今回はすでにレビュー済みの Pull request が存在しているため、これを参考に修正していきます。
Pull request でも触れられていましたが、今回の変更はStyleEdition::Edition2027以上でのみ有効となるように Gate しておきます。
テストを作成する
rustfmt では テストケースの作成 が必要のようです。
./tests/source/ 下に整形前のコード、 ./tests/target/ に整形後のコードを置きます。

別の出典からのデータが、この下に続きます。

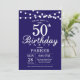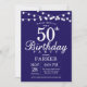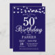 50e anniversaire Invitation avec lumière à cordes. Arrière - plan bleu de la Marine. 13e 15e 16e 18e 20e 21e 30e 40e 50e 60e 70e 80e 90e 100e, n'importe quel âge.
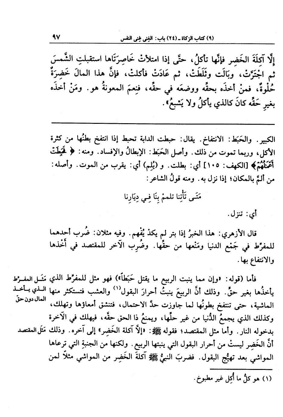 إِلا آكِلَةَ الخَضِرِ فَإِنَّهَا تَأكُلُ، حَتَّى إِذَا امتلأت خَاصِرَتَاهَا استَقبَلَتِ الشَّمسَ ثُمَّ اجتَرَّت. وَبَالَت وَثَلَطَت ثُمَّ عَادَت فَأَكَلَت، فإن هَذَا المَالَ خَضِرَةٌ حُلوَةٌ، فَمَن أَخَذَهُ بِحَقِّهِ وَوَضَعَهُ فِي حَقِّهِ، فَنِعمَ المَعُونَةُ هُوَ. وَمَن أَخَذَهُ بِغَيرِ حَقِّهِ كَانَ كَالَّذِي يَأكُلُ وَلا يَشبَعُ).
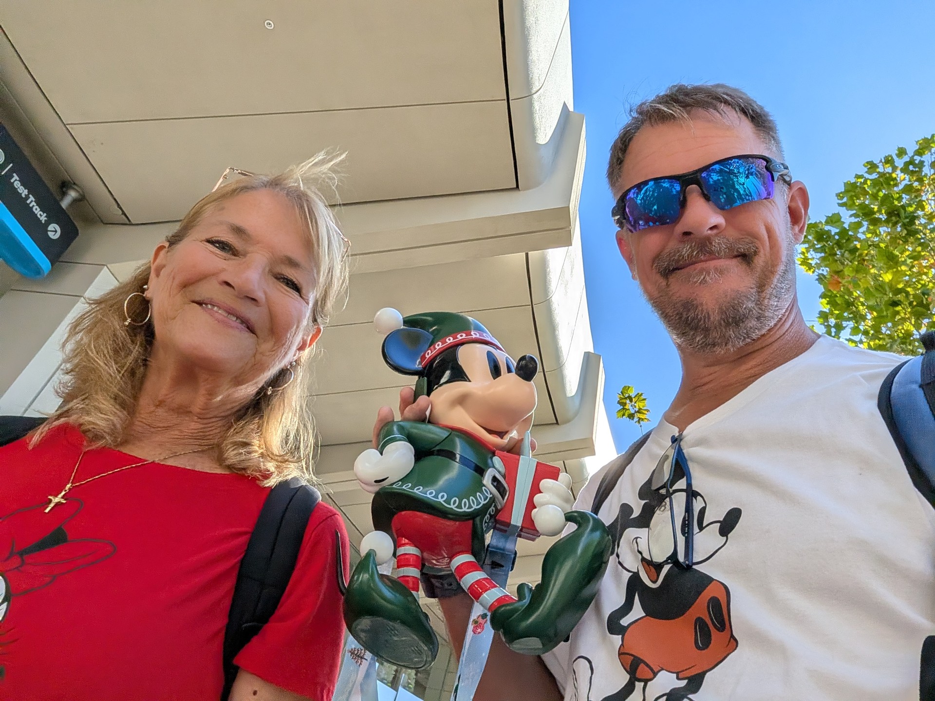 Grandma Terry and Rodney showing off the Mickey Mouse popcorn
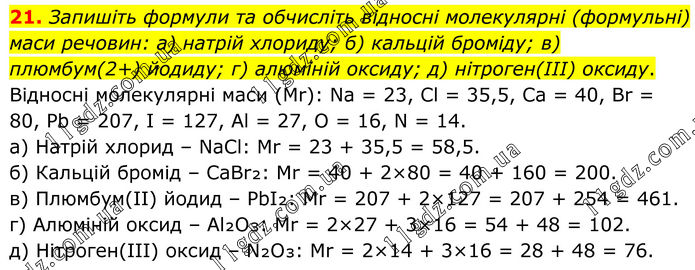 Запишіть формули та обчисліть відносні молекулярні (формульні) маси речовин: а) натрій хлориду; б) кальцій броміду; в) плюмбум(2+) йодиду; г) алюміній оксиду; д) нітроген(ІІІ) оксиду. Відносні молекулярні маси (Mr): Na = 23, Cl = 35,5, Ca = 40, Br = 80, Pb = 207, I = 127, Al = 27, O = 16, N = 14. а) Натрій хлорид – NaCl: Mr = 23 + 35,5 = 58,5. б) Кальцій бромід – CaBr₂: Mr = 40 + 2×80 = 40 + 160 = 200. в) Плюмбум(II) йодид – PbI₂: Mr = 207 + 2×127 = 207 + 254 = 461. г) Алюміній оксид – Al₂O₃: Mr = 2×27 + 3×16 = 54 + 48 = 102. д) Нітроген(III) оксид – N₂O₃: Mr = 2×14 + 3×16 = 28 + 48 = 76.
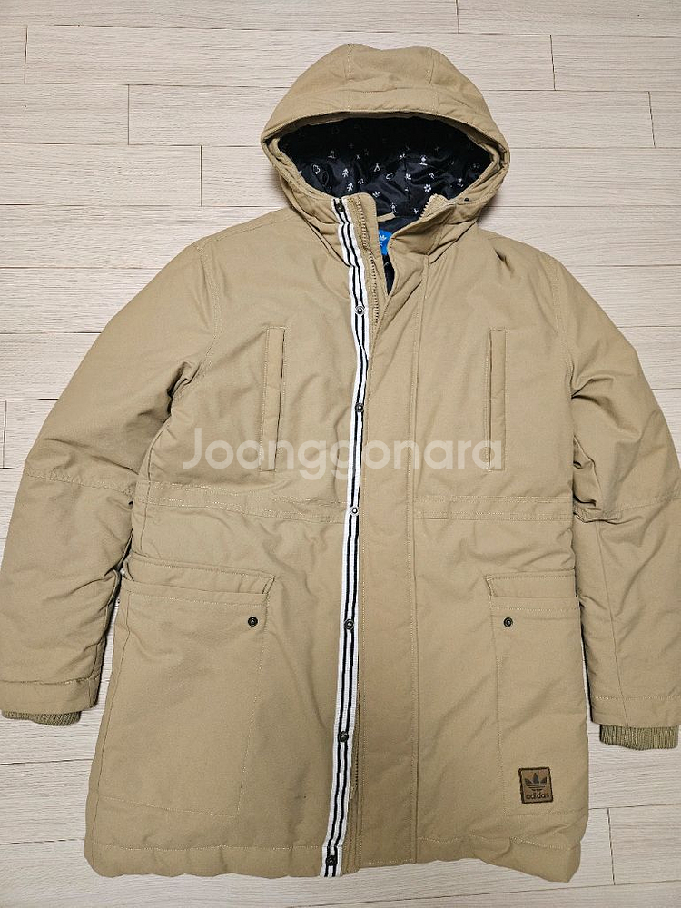 아디다스 패딩점퍼 95, 105사이즈예요. 베이지 컬러에 후드가 있고 안감은 블랙으로 되어있어요.커플로 사놓고 몇번 입지 않아서 상태 양호하고 깨끗합니다.
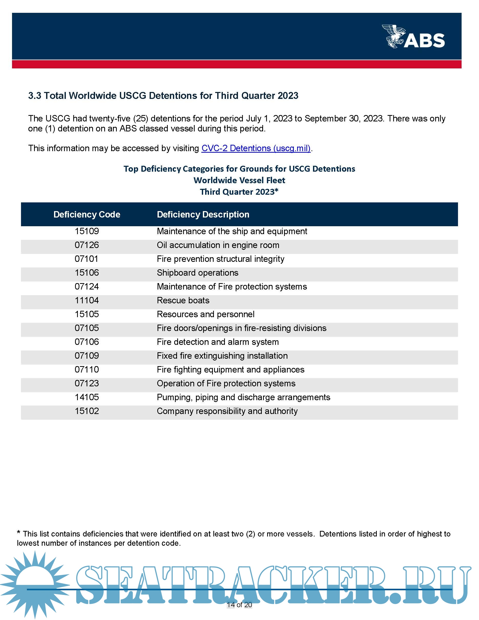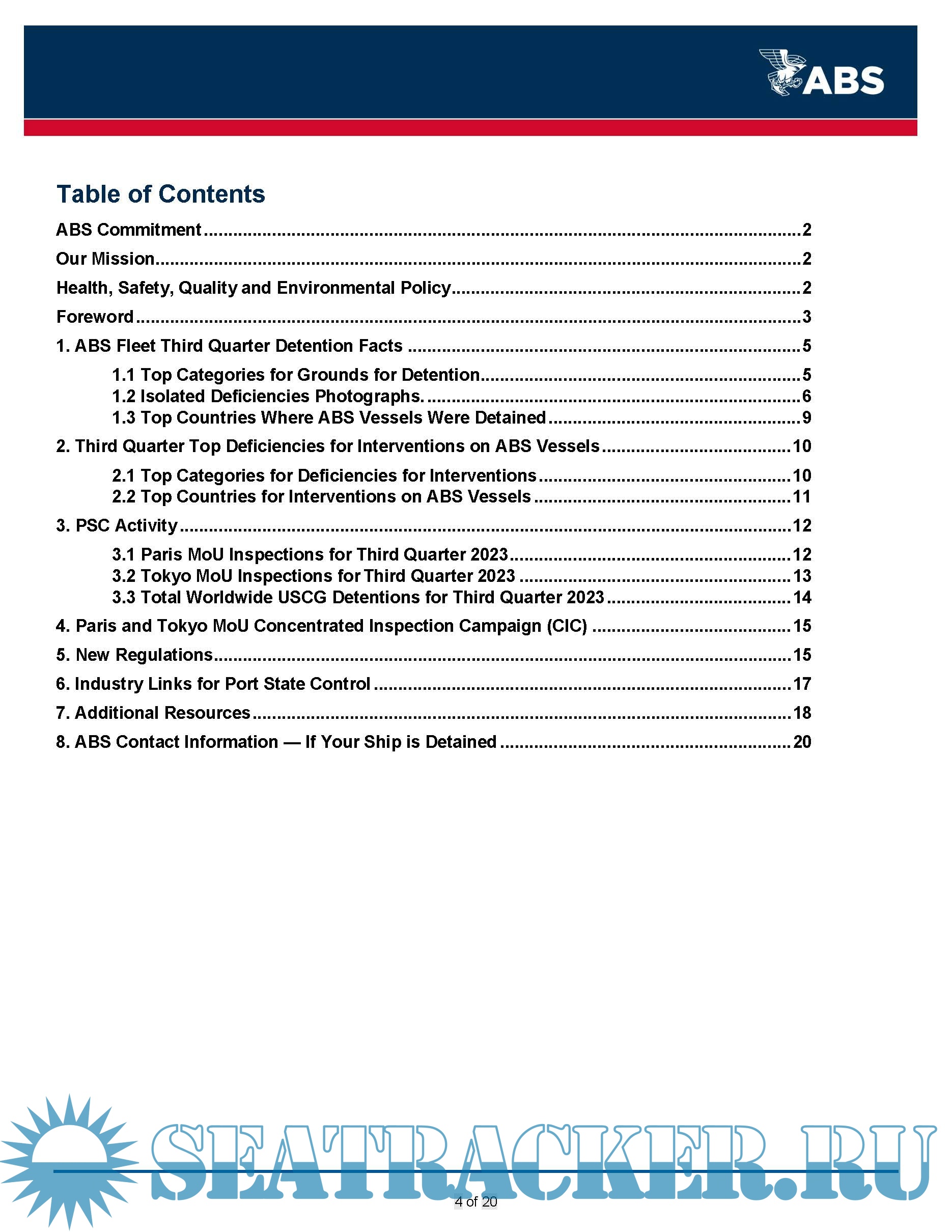 Description: This ABS Quarterly Report on Port State Control (PSC) provides information to owners on deficiencies identified on ABS vessels during inspections carried out by the various PSC regimes globally during the 3rd quarter of 2023.
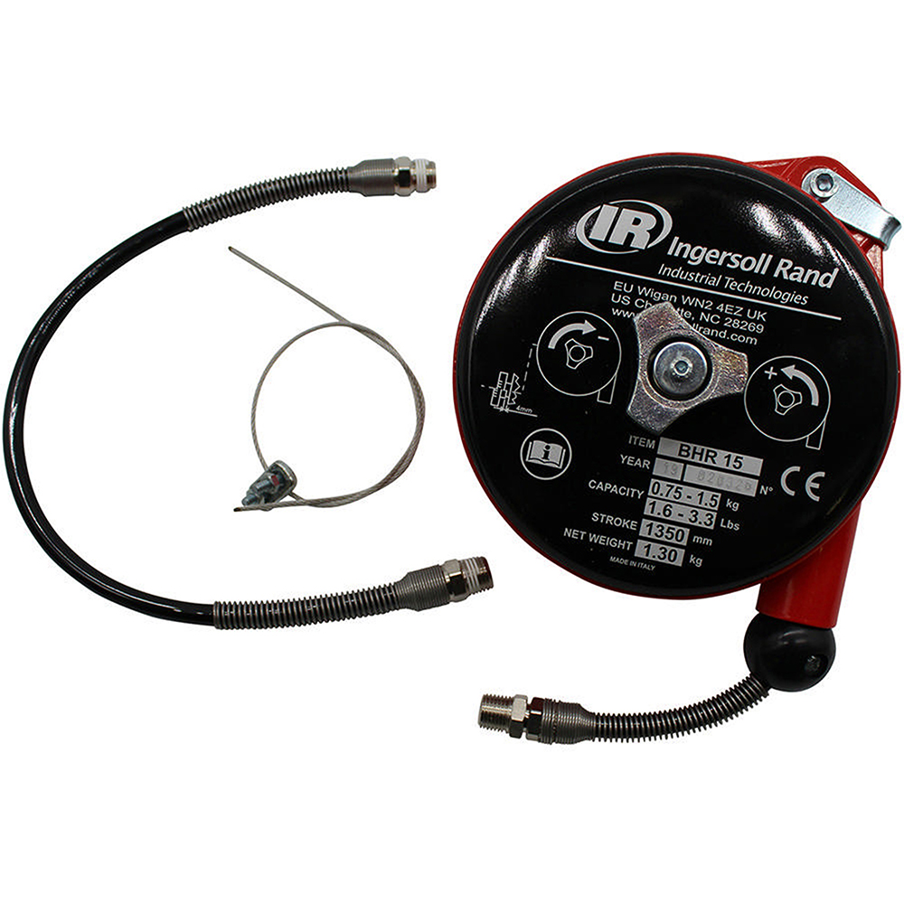 Built with user-focused innovation, the BHR-15 Ingersoll Rand Hose Reel Spring Balancer, 1.5-3.3lbs provides several key advantages: Aluminum body. Nylon Hose. Adjustable capacity. Adjustable stroke limiting device. Designed for one-way shutoff operation.
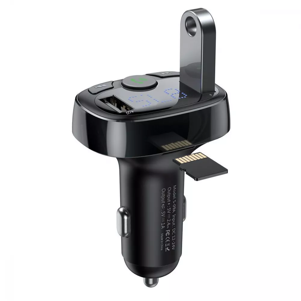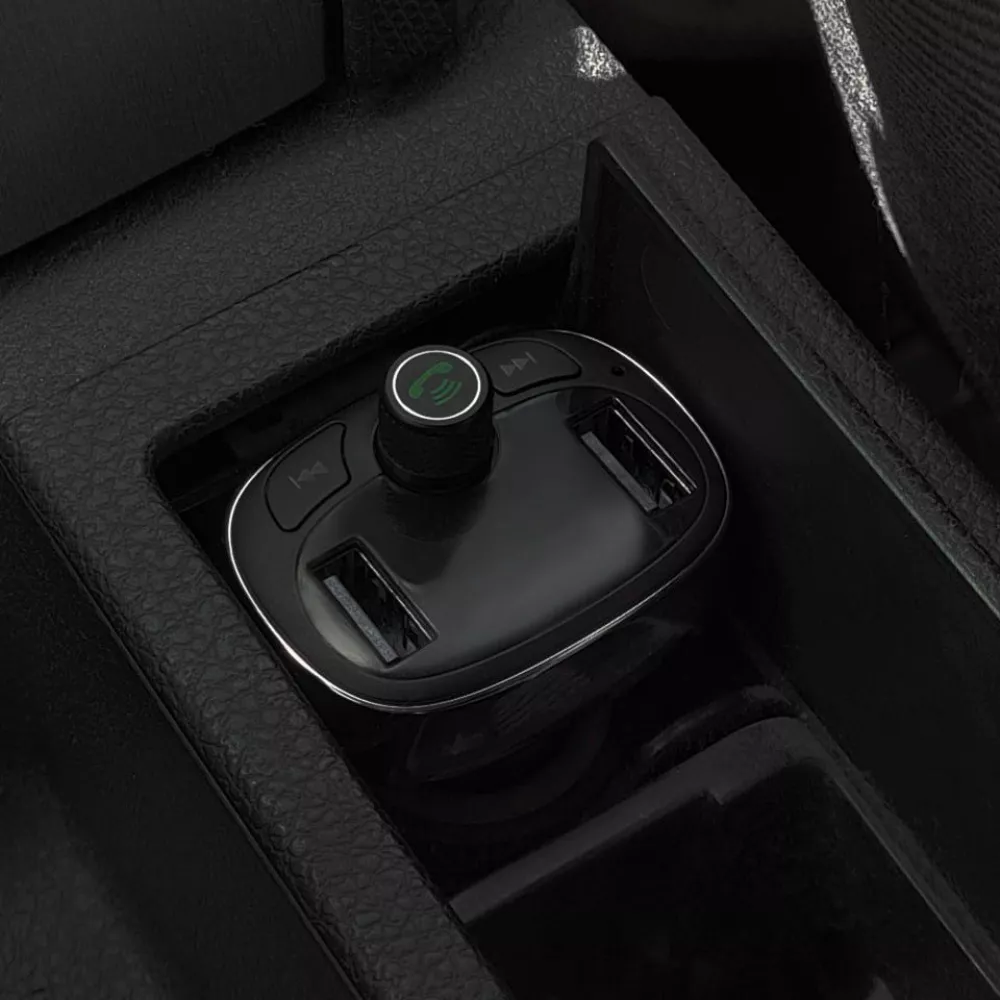 Пристрій оснащений FM-трансмітером, що дозволяє відтворювати музику через аудіосистему автомобіля. Для цього потрібно виставити на пристрої та аудіосистемі однакову частоту.

cargo test を実行し、エラーが生じないことを確認できました!
Pull request を作成する
これまでの変更をコミットして、 Pull request を作成します。 今回はもととなる Issue と Pull request に触れながら、変更点をまとめました。
Merge されるのを待つ
無事 Merge されました☺️ 今回は簡単な修正でしたが、自分のコードが rustfmt で動いているというのは嬉しいものです。

わかったこと
初心者もいる
今回実際にコントリビューションを行ってみて最も感じたのは、自分が思っているよりも初心者の方が多いということでした。 自分が Pull request を作成するにあたって、過去に Merge されたものをいくつか確認しましたが、 Description を描き慣れていない人やコードレビューでガッツリコメントされている人、途中で他の Contributor に助けてもらう人など、いろいろな人がいました。 また rustfmt リポジトリは Contributor の方がやさしくコメントをしてくださるので、あまり経験がない人でも気負わずにコントリビューションが行える環境であると感じました。
Issue は意外と放置されている
今回扱った Issue のように、何らかの理由で放置されているものは意外とたくさんあるように感じました。 放置されている Issue を拾っていくのは OSS のコントリビューション経験が浅い方でも比較的取り組みやすいと思います。
むすび
普段使っているツールの中身を見たり、修正を加えたりするのは楽しい作業でした。 今後も自分ができる範囲でコントリビューションを行っていきたいです。